Am 1. Februar 2012 meldete Save.tv, der Online-Videorecorder-Service sei vom TÜV-Saarland als „geprüftes Online-Portal” zertifiziert worden. Dazu zählt die Sicherheit der Benutzerdaten, die transparente Darstellung von Kosten und Leistungen sowie die Benutzerfreundlichkeit, so Save.tv in einer Pressemitteilung. Geschäftsführer Thomas Kutsch ergänzte, Save.TV sei „immer höchsten Standards in Sachen Leistung, Qualität, Transparenz und Zuverlässigkeit verpflichtet”. Zufall oder nicht: Vom Tag der TÜV-Pressemitteilung an funktionierten die Save.tv-Apps im DIGITAL-ROOM-Test eine knappe Woche lang fehlerfrei – die längst geplante Veröffentlichung des Mängelberichtes wurde abgeblasen. Streams starteten nun meist aufs erste Mal, sogar Vor- und Zurückspulen über die Zeitleiste klappte. Seit etwa dem 7. Februar aber verweigern die Apps den Aufruf von Streams wieder überwiegend, laufende Videos frieren nach einigen Minuten wieder ein und Spulen ist nur in absoluten Ausnahmefällen möglich.

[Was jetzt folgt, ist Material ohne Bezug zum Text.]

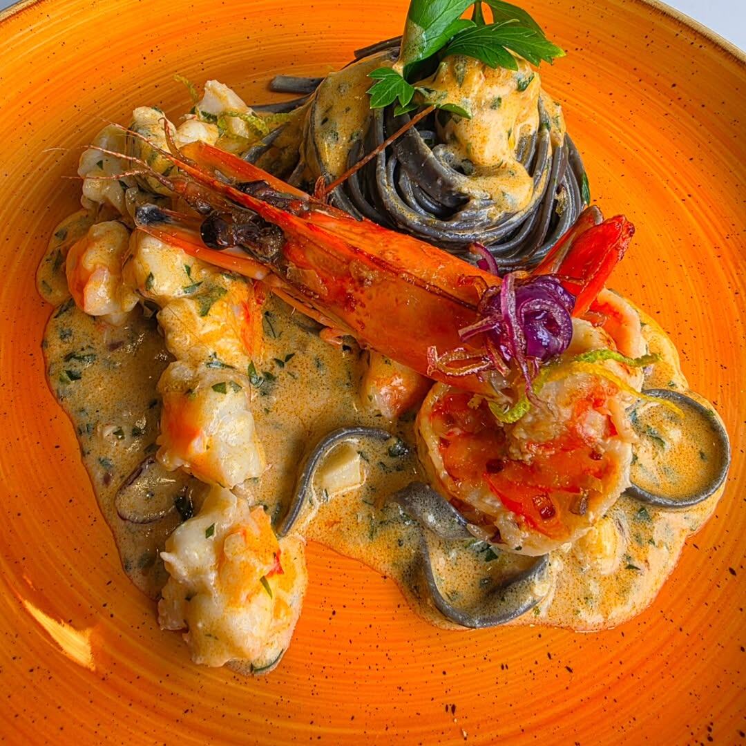 Ингредиенты: - свежая петрушка - паста из сепии - немного пасты - сок и цедра лимона - немного сливок или молока - 2 мл коньяка - перец, нарезанный полосками и кубиками Приготовление: Очистите креветки и нарежьте их крупными кусочками. Если используете их в качестве гарнира, опустите головки в кипящую подсоленную воду на несколько минут, чтобы они приобрели яркий красный цвет, оставаясь при этом прозрачными. Нарежьте другую часть креветок соломкой и слегка обжарьте на сковороде с небольшим количеством масла и сока лимона, затем отложите в сторону. Отварите пасту из сепии в подсоленной воде до состояния аль денте. Добавьте нарезанные кубиками креветки и цедру лимона в сковороду с обжаренными креветками, быстро обжарьте все ингредиенты со всех сторон и уберите с огня, чтобы креветки не пережарились. Оставьте их слегка недоготовленными. Влейте молоко или сливки, добавьте коньяк, поставьте на огонь и добавьте немного пасты. Дайте соусу немного покипеть, затем добавьте нарезанную петрушку.
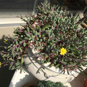 ベランダのミニ多肉ちゃんたちが倒れていることが2回ほど….°(ಗдಗ。)°. ハトか⁉︎Σ(-᷅_-᷄๑) ネットや囲いをする技術は無いので、「とりあえず大きいプラかご被せよう‼️」とDAISOへ。 そこで暴れまわっているネックレスちゃんを発見😃 つぼみもあるよね。 もうすぐ咲くよね。 黄色の小さいプランターから飛び出し過ぎだよね。 連れて帰っちゃうよね〜(*⁰▿⁰*) 2個でこのボリューム🌿🌿 3coinsの大きな鉢に引けを取りません😆 ほんで、茎は紫だけどグリネ?ルビネ? この子はどっちだ?
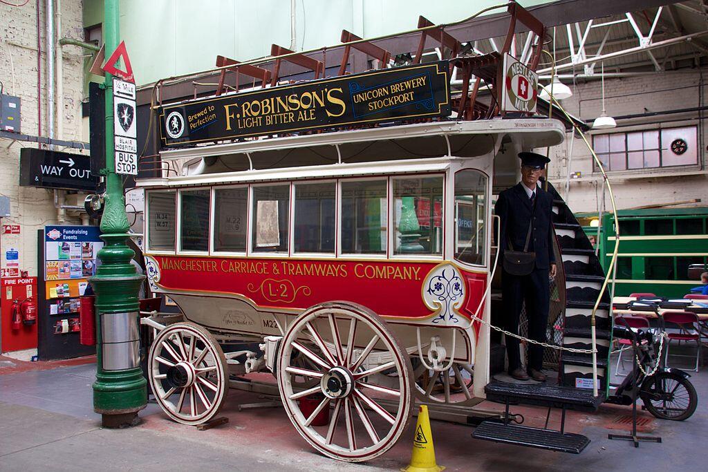 In the late nineteenth century, despite the rapidly expanding Victorian City, the area where the Museum of Transport and First’s Manchester bus garage now stand was still open. In June 1899 the Cars, Sheds and Staff Sub-Committee of the Manchester Corporation Tramways Committee investigated the area and found it suitable as the site for an electric tramcar shed. At the time they were planning to take over and electrify the horse tram lines of the Manchester Carriage and Tramways Company – who built and operated the horse bus which can be seen in the Museum. The site was duly purchased from Lord Derby and in June 1900, Councillor Daniel Boyle, Chairman of the Transport Committee, laid the foundation stone of the Queens Road Tram Depot.
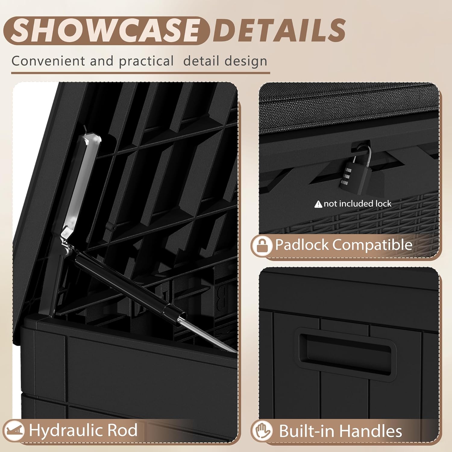 - Durable Resin Material: Deck box is made of waterproof resin, with a complementing rattan pattern design, effectively preventing fading and rusting, while also maintaining a fresh appearance even with all-weather use

DIGITAL-ROOM meint: Save.tv ist, wie der Konkurrent Bong.tv, ein praktischer Service für TV-Aufnahmen in SD-Qualität. Im regelmäßigen Einsatz funktionieren die Programmierung und der Download von Aufnahmen auf die Festplatte am Computer zufriedenstellend. Doch die unzuverlässigen Mobil-Apps sind ein echtes Ärgernis. Schließlich steht ihre Streamingfunktion nur in teureren Premium-Abonnements zur Verfügung, die monatlich mindestens 9,99 Euro kosten – bei Laufzeiten unter einem Jahr sogar noch mehr. Das ist eine Menge Geld für ein hohes Service-Versprechen. Dafür können Kunden einen funktionierenden Service erwarten – erst Recht, wenn sogar der TÜV sein Logo dafür her gibt.